As Battery points out, cloud native offerings are taking off in a big way with huge valuations, massive IPOs and bright futures as sustainable public companies. If you’re primarily on-premises, you are operating on an obsolete playbook.

“Infrastructure software companies are doubling down on their cloud-native offerings, which are growing faster than their on-premise counterparts and are directly tied to higher company valuation multiples. MongoDB’s cloud product Atlas is growing at 83% versus its on-premise business (13%), driving most of the company’s value creation,” Dharmesh Thakker, general partner at Battery told us.

Battery Ventures State Cloud Report -- SaaS company cloud v. on prem revenue

Image Credits: Battery Ventures

Further, according to Battery, when it comes to recent IPOs, cloud revenue is growing two to three times faster than on-premise businesses and is tied directly to these companies’ valuation hikes. ​​Battery data finds: “The average cloud-infrastructure software IPO is now valued at $12.8 billion, over 10x the average valuation just five years ago.”

Customer size and business model notes

Perhaps the most interesting argument presented in Battery’s report is that customer size specialization could be more hindrance than help. Noting that, by its analysis, “enduring companies” take on both small customers and larger accounts, the investing group pointed to mongoDB, Elastic and Confluent as examples of cloud concerns that have both self-serve capabilities for SMB and midmarket firms and more hands-on sales approaches for enterprise-scale customers.

Battery Ventures State Cloud Report -- Cloud companies and enterprise sales

Image Credits: Battery Ventures

“Enduring” is, of course, a flexible term, but the argument appears to be that to be a more durable and wider customer mix is the way forward.

The report also details rising venture capital interest in open source startups, a trend that TechCrunch has written about in recent months.

Specifically, the report indicated that investments in open source and cloud-native companies grew to $53.4 billion thus far in 2021 from $12.4 billion in 2016. The scale of capital ingested by tech companies is staggering, but this data point underscores just how much money is flowing into open source-based tech companies.
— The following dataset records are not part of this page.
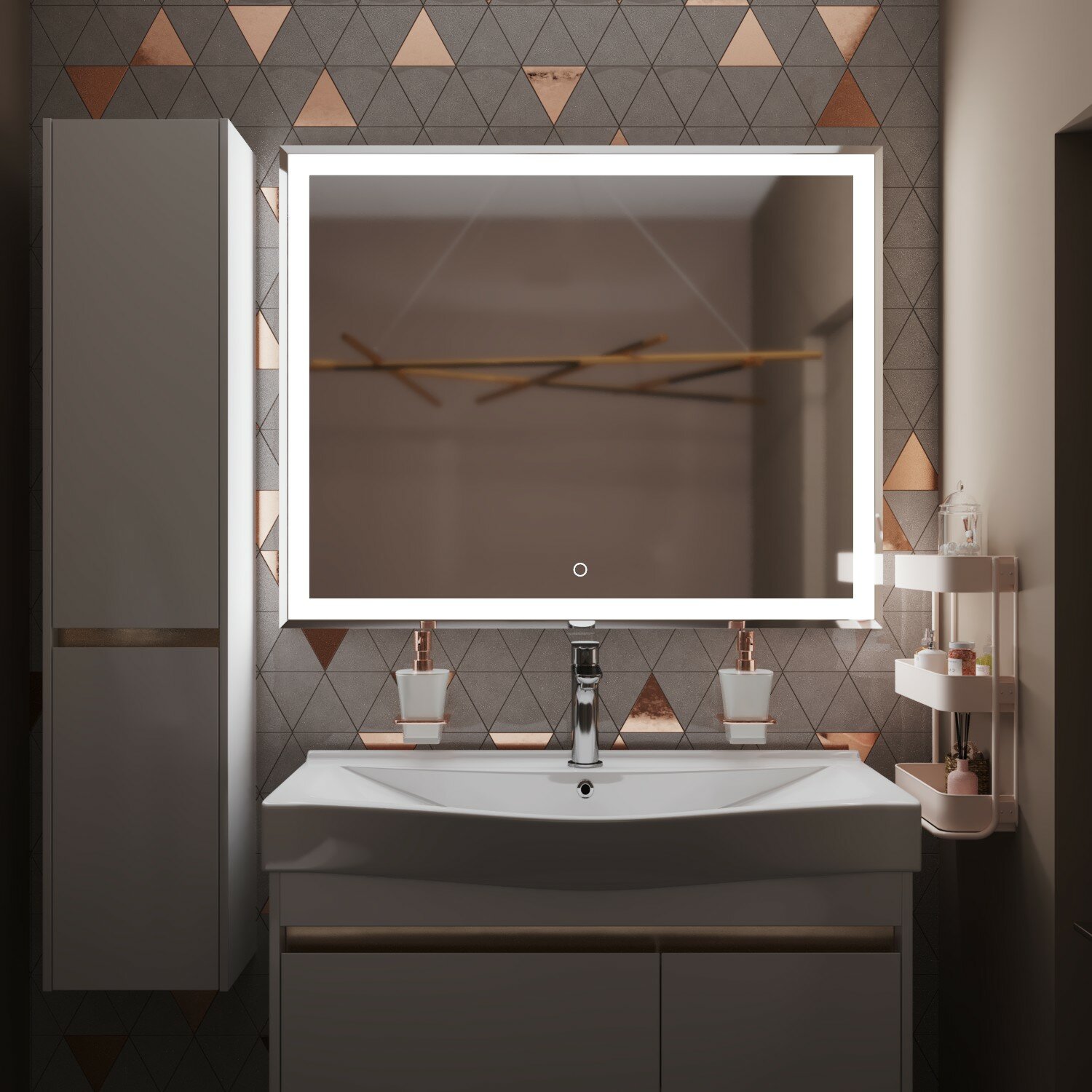 Зеркало настенное для ванной КерамаМане 70*100 см с холодной подсветкой 6000 К с сенсорной кнопкой
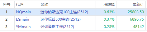 美国众议院今日投票临近,或有望结束历史上最长政府停摆;美股三大期指盘前集体走高,截至发稿,纳指期货 $NQmain 涨0.63%,标普500期货 $ESmain 涨0.37%,道指期货 $YMmain 涨0.23%。
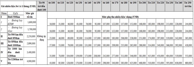 Mức phụ thu nhiên liệu đề xuất

Battery Ventures State Cloud Report -- Open source and cloud native companies

Image Credits: Battery Ventures

Why? Precisely what we discussed in the beginning of this post. Demand for cloud products is accelerating. That tailwind is the foundation for many venture capital investing theses. And when we consider that Battery views businesses of every size as potential sales targets for more durable cloud companies, we can infer that demand for cloud products won’t merely be the playground of the giant corporation. Every company is going to need software, and investors are paying big bucks to own a piece of their future tool set.

Battery’s report points to a world where startups, for the most part, are going to go cloud or go home. While you could argue that the growth could slow once we reach a mostly post-pandemic state, it seems clear that companies are only going to accelerate their shift to the cloud now that they’ve begun the journey.

If that’s the case, there might not be any slow down in sight for some years to come.